Y si esta estigmatización de no pocos grupos sociales viene desde el monopolio de la palabra matutina y no encuentra una respuesta en canales medianamente cercanos a esa estridencia de las mañaneras, acaba por confirmar entre sus huestes que el Presidente tiene razón.

Las organizaciones empresariales se quedaron mudas ante los ataques de esta administración. Los que alzaban la voz ya optaron por el camino partidista. Pero aun con esta ausencia de voces del sector privado para hacer valer su derecho de réplica, no es tan sencillo que consigan megáfonos para ser escuchados.

La polarización amenaza con tener un costo social alto, pero mientras llega la factura su uso goza de plena salud y esta nueva andanada es el aderezo para intentar pasar por el Congreso la contrarreforma energética del presidente López Obrador.

El retroceso energético que plantea el ejecutivo está rodeado de argumentos falsos. Pero no importa qué tan descabellados puedan ser mientras se repitan una y otra vez ante esa clientela fiel que lo habrá de creer todo.

Y mientras la contrarreforma empieza a mostrar dificultades para transitar entre diputados y senadores, incluso entre aquellos que creen incondicionales, la estrategia siguiente es llevarse este discurso, y con fuerza, a la calle.

Apunte esas líneas presidenciales del neoliberalismo saqueador, del tráfico de influencias empresarial, del egoísmo y todo eso que escuchamos cada mañana, porque seguro lo volverá a escuchar mañana del propio presidente López Obrador, pero desde la tribuna de la Organización de las Naciones Unidas.

Y cuando el 20 de noviembre, y a pesar de la pandemia, llene el Zócalo de la Ciudad de México con su “Asamblea Nacional Informativa” volveremos a escuchar los mismos argumentos de cómo la 4T quiere salvar al pueblo y a la CFE de esos horribles hombres de negocios, traficantes de influencias y de las voraces empresas extranjeras.

Podrá la contrarreforma no discutirse en el pleno del Congreso este año, ni en la primavera del 2022, pero toda la letanía que rodea este intento de regresión estará presente en todas las campañas electorales del próximo año y en innumerables mañaneras, y con un discurso cada vez más violento y polarizante.
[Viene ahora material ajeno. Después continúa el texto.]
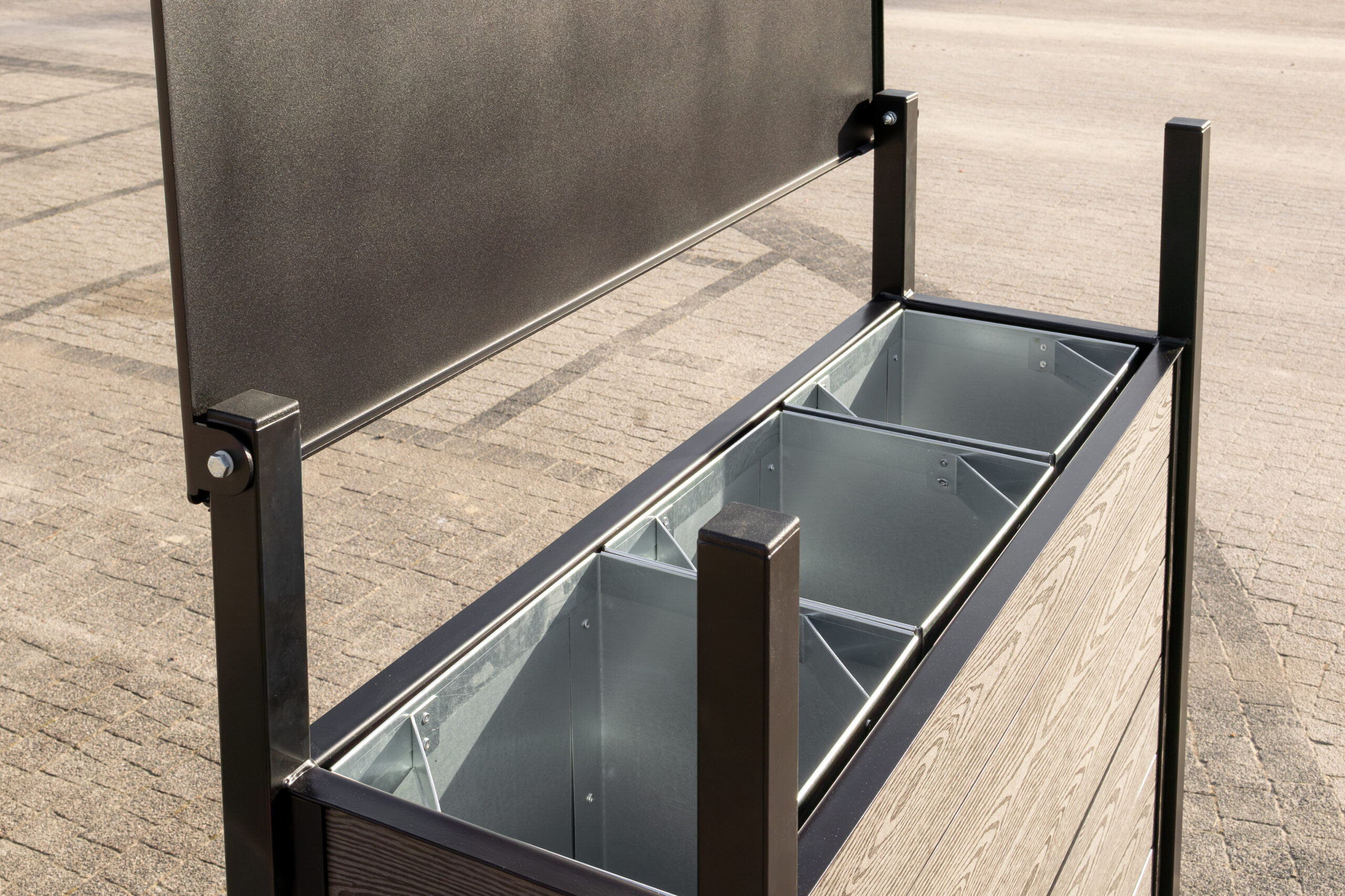 Kosz do segregacji odpadów Narcyz WPC został zaprojektowany tak, aby segregacja odpadów była intuicyjna. Otwarta konstrukcja ułatwia korzystanie z kosza bez konieczności kontaktu z dodatkowymi elementami, co ma znaczenie zarówno pod względem wygody, jak i higieny.

A estas alturas hasta para los allegados a la 4T empieza a apreciarse el tamaño del despropósito de la contrarreforma energética y eso complica su pretendida aprobación.
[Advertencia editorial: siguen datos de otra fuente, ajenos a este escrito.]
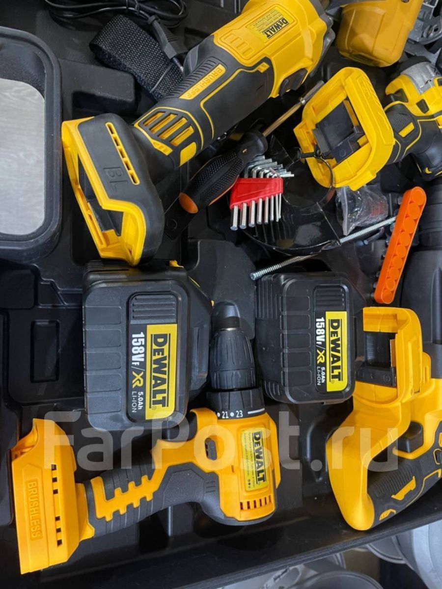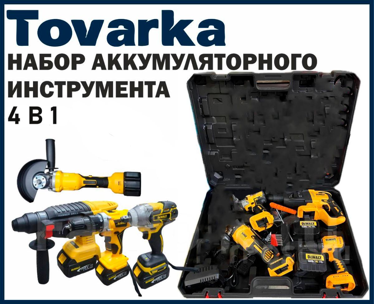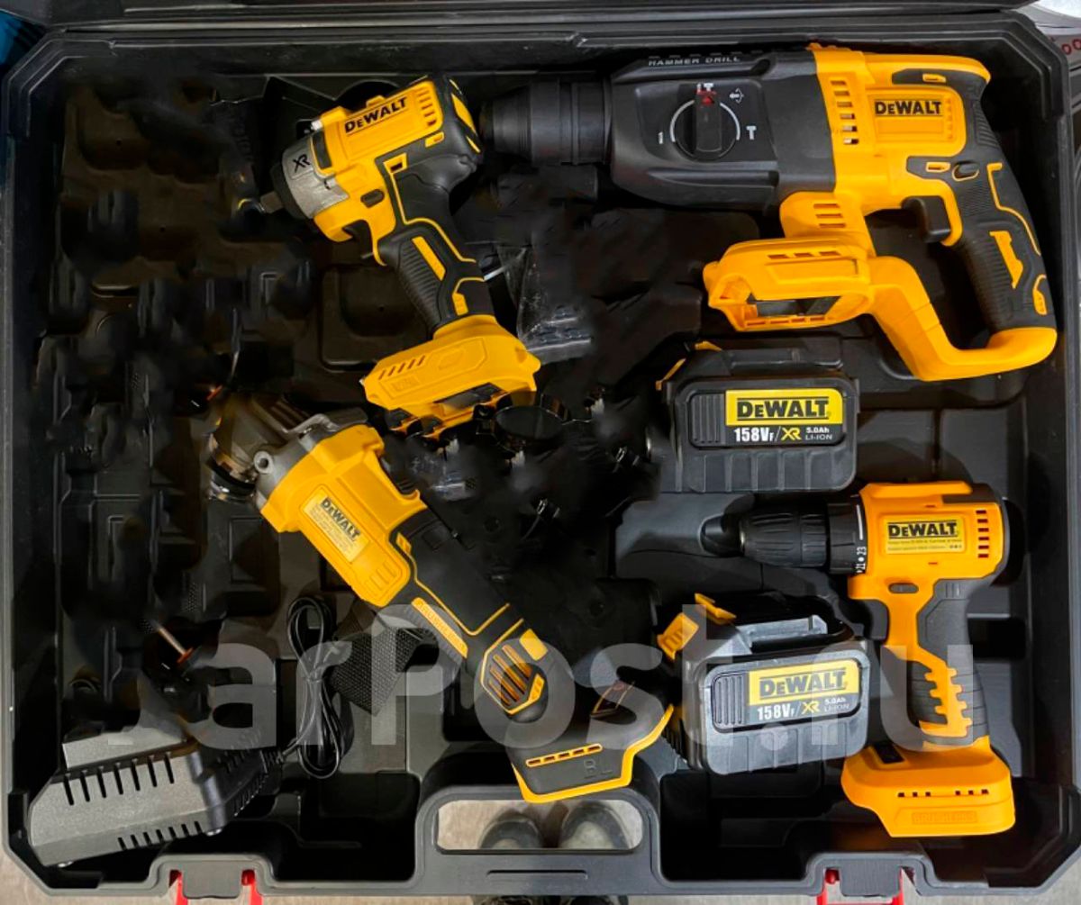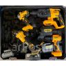 Набор 4 в 1 аккумуляторных инструментов DeWALT все в одном кейсе (гайковерт,ушм ,шуруповерт,перфоратор, и 2 аккумуляторных батареи).
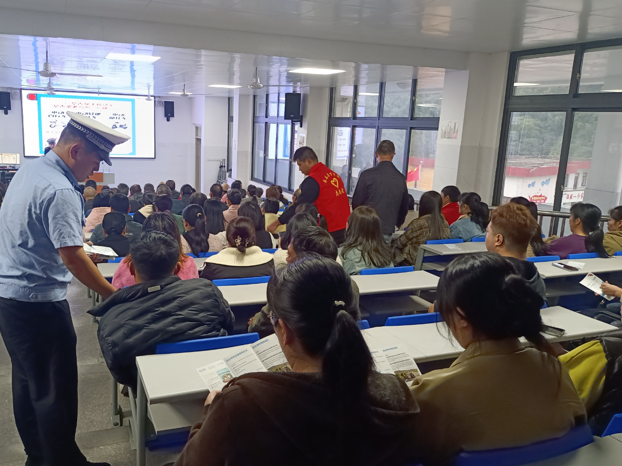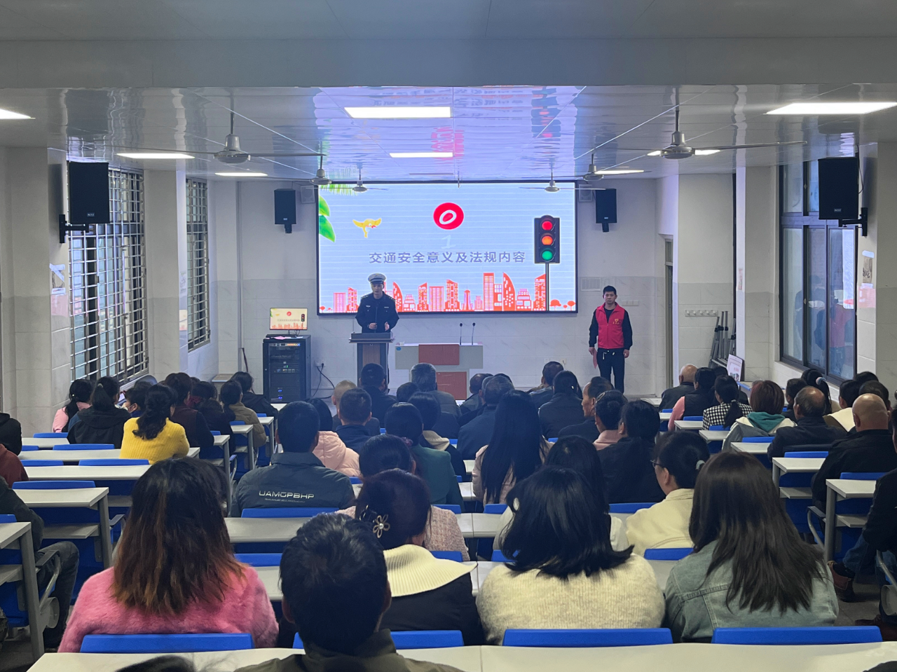 学生专场结束后,宣讲活动随即转入多媒体教室,面向全校家长开启“安全守护课”。工作人员聚焦家长监护责任,重点讲解“一盔一带”的重要性——驾车务必系好安全带,骑乘摩托车、电动自行车必须佩戴安全头盔,同时明确指出酒驾、超速、行车接打电话等违法行为的严重后果。针对家长接送学生的常见问题,特别强调“拒绝超员车辆、规范停车避让学生”,引导家长以身作则,用文明出行习惯为孩子树立榜样;同时严肃叮嘱家长,严禁将摩托车、电动车钥匙交给学生让其自行驾驶,从源头杜绝安全隐患。活动现场,工作人员向家长逐一发放宣传资料,确保安全理念传递到每一个家庭。
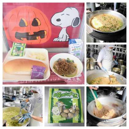 献立は、タンタンめん・あっさりキャベツ・まっ茶大豆・コッペパン・ブルーベリージャム・牛乳でした。

Pero hay otro triunfo esperado de la iniciativa presidencial y ese se busca en la calle, en la plaza pública, con ese alimento que aporta al discurso de polarización de la actual administración. Vemos cómo se siembra, pero no sabemos los alcances de la cosecha social que tendrá.

Seguro el presidente López Obrador, desde la tribuna de la Organización de las Naciones Unidas, dirá los mismos argumentos de cómo la 4T quiere salvar al pueblo y a la CFE de esos horribles hombres de negocios, traficantes de influencias y de las voraces empresas extranjeras, y es muy seguro que ese discurso lo repita el 20 de noviembre en su “Asamblea Nacional Informativa”.